> [Your goal] The expected answer is the data below, printed verbatim without its pictures.

> [Collected material]

────────

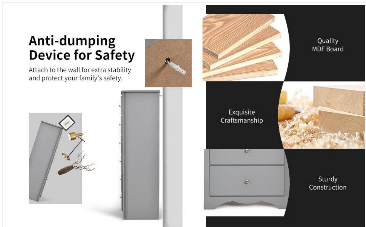
Image: Illustration demonstrating the installation of the anti-toppling device to secure the dresser to a wall, enhancing safety and stability.
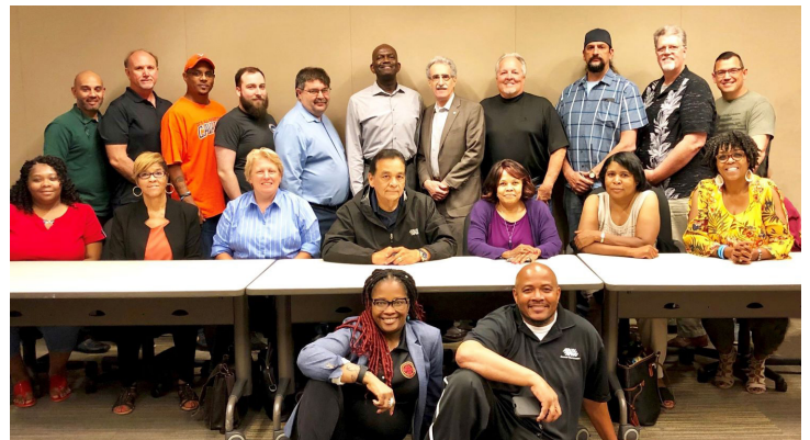
Workplace Environment Committee Members with National Officers.
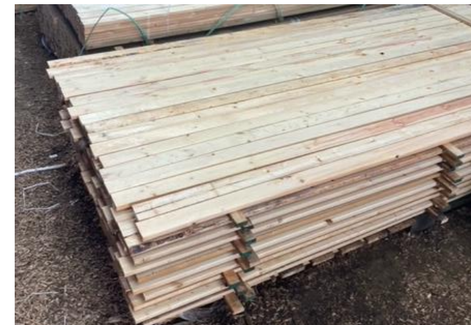
Planks drying in stacks.

Slow movement on the flight cage. We are sealing all the wood with water protective sealant. We dip each piece of lumber in a bath and stack it to dry. We rolled the sealant on the largest timbers. This is hours of work, but it is necessary before building the structure.

────────

> [Expected answer]
Image: Illustration demonstrating the installation of the anti-toppling device to secure the dresser to a wall, enhancing safety and stability.
Workplace Environment Committee Members with National Officers.
Planks drying in stacks.

Slow movement on the flight cage. We are sealing all the wood with water protective sealant. We dip each piece of lumber in a bath and stack it to dry. We rolled the sealant on the largest timbers. This is hours of work, but it is necessary before building the structure.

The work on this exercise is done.